Please pardon my levity, I don't see how to take death seriously. It seems absurd.
RAW
[06jan2007]
08jan2007
There are physical types in the espionage game that we call The Little Gray Manthe guy who walks through the hotel lobby, gets on the elevator with a crowd of people, [and] five minutes after you get off the elevator, you can't remember that they were there. Just like looking through a piece of clear window glass. They're just not there. If you're the person that stands in line at the market [and] the clerk keeps waiting on the person behind you, you know you're gonna be a good spy. Antonio Mendez, retired CIA operative, in Errol Morris's First Person ("The Little Gray Man")

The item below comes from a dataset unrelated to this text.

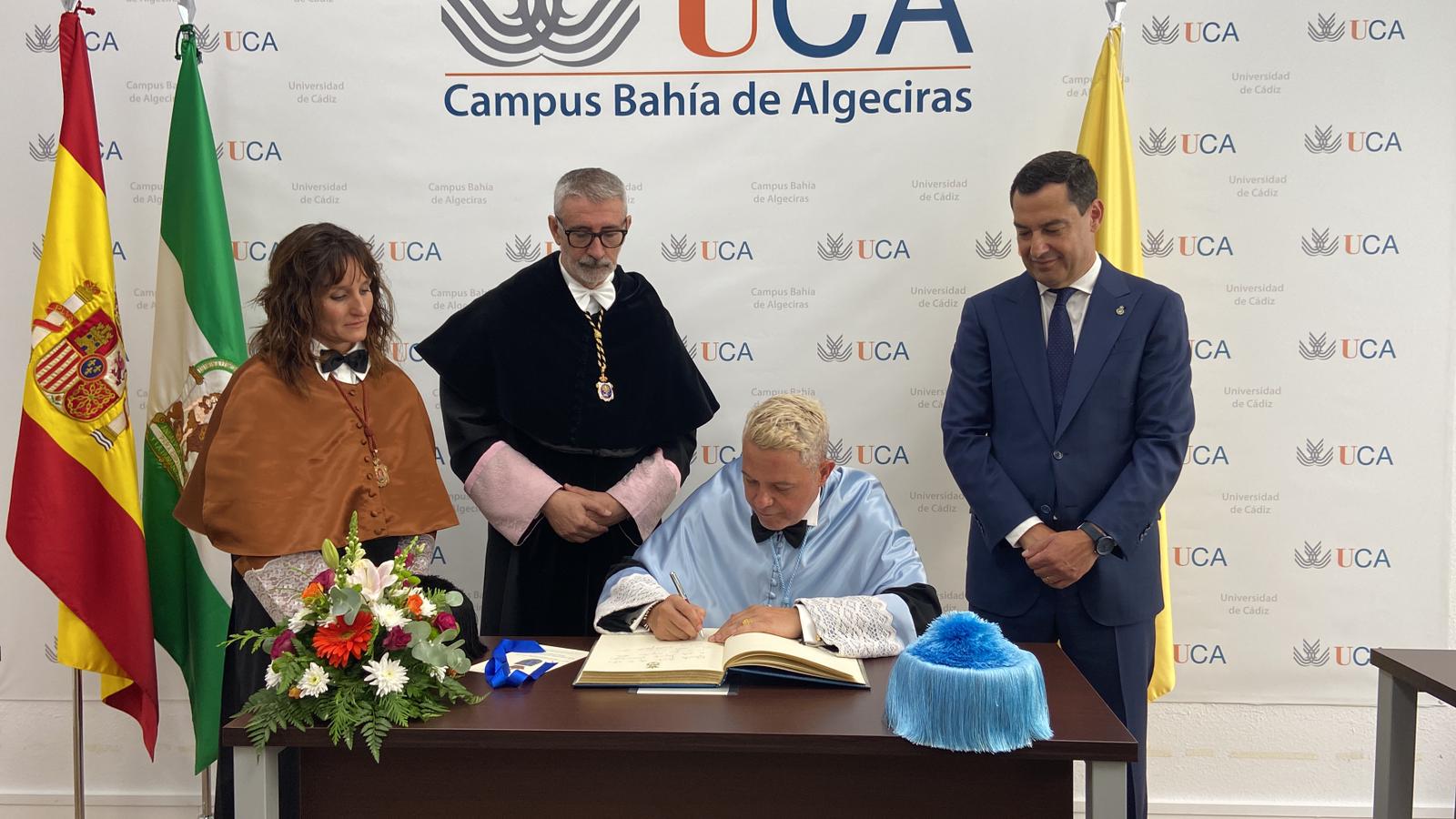 Al finalizar el acto, Alejandro Sanz y Juan Manuel Moreno han firmado en el Libro de Honor de la Universidad de Cádiz, en compañía de Francisco Piniella y Paloma Cubillas.

I do believe. I just am not sure what it is that I believe. It is not as clear-cut as it once was. . . . I used to be able to draw a line and say, "That's good and that's bad." I can't draw that line any more. . . . My father told me years ago, "Moishe, life is a holem." A holem means a dream. "That which was, can never be again, and it's just as much a reality as the dream you dreamt the night before. It's of no consequence." I didn't know what the heck he meant. . . . But he really was a wise guy. [Laughs] Withdrawn! Make it "a wise man." A wise guy's an entirely different thing! Murray Richman, mob lawyer ("The Only Truth")
04jan2007
Har. Wagner and I are cartoons, as well as Cujo. (Not shown: the laptop Jack Diggle.)
02jan2007 Appropriate year-beginning phrase from Thomson
O melancholy Brothers, dark, dark, dark!